LGT-Net: Indoor Panoramic Room Layout Estimation with Geometry-Aware Transformer Network
This work addresses the problem of accurate 3D room layout estimation from single panoramas for applications in computer vision and robotics, representing an incremental improvement over existing methods.
The paper tackled indoor panoramic room layout estimation by introducing a geometry-aware transformer network that uses horizon-depth and room height for omnidirectional awareness and a planar-geometry aware loss function, achieving better performance than state-of-the-art methods on benchmark datasets.

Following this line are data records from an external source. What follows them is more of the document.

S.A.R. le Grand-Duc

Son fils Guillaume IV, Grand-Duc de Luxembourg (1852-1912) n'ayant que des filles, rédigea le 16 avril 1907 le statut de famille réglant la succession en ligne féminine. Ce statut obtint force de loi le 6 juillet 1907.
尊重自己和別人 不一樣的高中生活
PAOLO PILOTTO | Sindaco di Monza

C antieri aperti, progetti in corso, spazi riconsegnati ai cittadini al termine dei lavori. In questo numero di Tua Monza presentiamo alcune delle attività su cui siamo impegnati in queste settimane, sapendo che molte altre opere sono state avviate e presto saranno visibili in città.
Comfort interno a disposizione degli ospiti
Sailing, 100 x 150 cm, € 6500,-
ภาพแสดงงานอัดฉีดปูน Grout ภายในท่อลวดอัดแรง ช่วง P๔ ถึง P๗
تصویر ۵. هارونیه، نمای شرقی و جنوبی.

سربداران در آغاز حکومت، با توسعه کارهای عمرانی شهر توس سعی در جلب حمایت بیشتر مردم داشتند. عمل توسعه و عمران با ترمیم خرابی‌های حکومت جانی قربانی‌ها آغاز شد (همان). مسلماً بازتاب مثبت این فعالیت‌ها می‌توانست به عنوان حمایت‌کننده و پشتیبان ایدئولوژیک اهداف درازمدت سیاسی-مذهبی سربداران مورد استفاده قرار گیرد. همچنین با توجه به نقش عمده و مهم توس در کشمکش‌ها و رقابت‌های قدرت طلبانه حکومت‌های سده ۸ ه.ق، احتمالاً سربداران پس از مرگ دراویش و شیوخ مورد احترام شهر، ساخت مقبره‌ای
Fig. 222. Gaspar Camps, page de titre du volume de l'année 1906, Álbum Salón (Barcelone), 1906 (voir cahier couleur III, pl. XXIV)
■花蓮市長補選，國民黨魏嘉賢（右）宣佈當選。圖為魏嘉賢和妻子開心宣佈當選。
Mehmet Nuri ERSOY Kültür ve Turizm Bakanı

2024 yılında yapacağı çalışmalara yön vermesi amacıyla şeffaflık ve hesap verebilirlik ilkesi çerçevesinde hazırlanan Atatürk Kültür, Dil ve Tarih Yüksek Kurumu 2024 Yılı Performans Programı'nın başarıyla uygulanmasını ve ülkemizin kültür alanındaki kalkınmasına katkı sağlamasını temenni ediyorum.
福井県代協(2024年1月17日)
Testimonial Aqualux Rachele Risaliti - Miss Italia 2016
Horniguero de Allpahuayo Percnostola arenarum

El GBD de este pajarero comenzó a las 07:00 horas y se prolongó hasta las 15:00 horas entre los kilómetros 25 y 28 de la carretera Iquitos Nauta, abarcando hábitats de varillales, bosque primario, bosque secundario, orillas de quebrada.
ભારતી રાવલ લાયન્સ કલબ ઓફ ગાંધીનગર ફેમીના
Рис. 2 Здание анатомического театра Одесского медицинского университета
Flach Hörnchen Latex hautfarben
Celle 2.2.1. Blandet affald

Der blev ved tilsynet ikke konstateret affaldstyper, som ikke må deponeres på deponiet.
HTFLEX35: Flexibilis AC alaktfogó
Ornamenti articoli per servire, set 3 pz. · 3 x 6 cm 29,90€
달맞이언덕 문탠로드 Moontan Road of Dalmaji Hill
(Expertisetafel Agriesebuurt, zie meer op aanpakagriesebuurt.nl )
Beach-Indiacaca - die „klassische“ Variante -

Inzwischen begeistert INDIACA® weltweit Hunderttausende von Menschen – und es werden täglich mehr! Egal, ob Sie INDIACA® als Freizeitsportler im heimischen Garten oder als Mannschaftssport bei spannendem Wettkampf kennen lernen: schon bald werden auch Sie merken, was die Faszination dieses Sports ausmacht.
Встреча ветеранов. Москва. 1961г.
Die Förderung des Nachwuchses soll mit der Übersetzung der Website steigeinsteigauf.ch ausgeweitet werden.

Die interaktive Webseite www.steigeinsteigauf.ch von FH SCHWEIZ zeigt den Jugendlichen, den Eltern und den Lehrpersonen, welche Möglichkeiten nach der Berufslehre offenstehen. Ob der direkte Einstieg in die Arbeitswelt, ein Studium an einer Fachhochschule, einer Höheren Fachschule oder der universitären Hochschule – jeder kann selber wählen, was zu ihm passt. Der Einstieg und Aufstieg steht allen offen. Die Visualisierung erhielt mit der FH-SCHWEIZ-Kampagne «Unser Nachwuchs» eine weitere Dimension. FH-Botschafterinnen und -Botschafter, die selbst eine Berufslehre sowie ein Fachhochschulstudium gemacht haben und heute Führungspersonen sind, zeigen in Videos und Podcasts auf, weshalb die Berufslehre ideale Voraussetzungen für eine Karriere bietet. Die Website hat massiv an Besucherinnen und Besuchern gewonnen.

3D room layout estimation by a single panorama using deep neural networks has made great progress. However, previous approaches can not obtain efficient geometry awareness of room layout with the only latitude of boundaries or horizon-depth. We present that using horizon-depth along with room height can obtain omnidirectional-geometry awareness of room layout in both horizontal and vertical directions. In addition, we propose a planar-geometry aware loss function with normals and gradients of normals to supervise the planeness of walls and turning of corners. We propose an efficient network, LGT-Net, for room layout estimation, which contains a novel Transformer architecture called SWG-Transformer to model geometry relations. SWG-Transformer consists of (Shifted) Window Blocks and Global Blocks to combine the local and global geometry relations. Moreover, we design a novel relative position embedding of Transformer to enhance the spatial identification ability for the panorama. Experiments show that the proposed LGT-Net achieves better performance than current state-of-the-arts (SOTA) on benchmark datasets.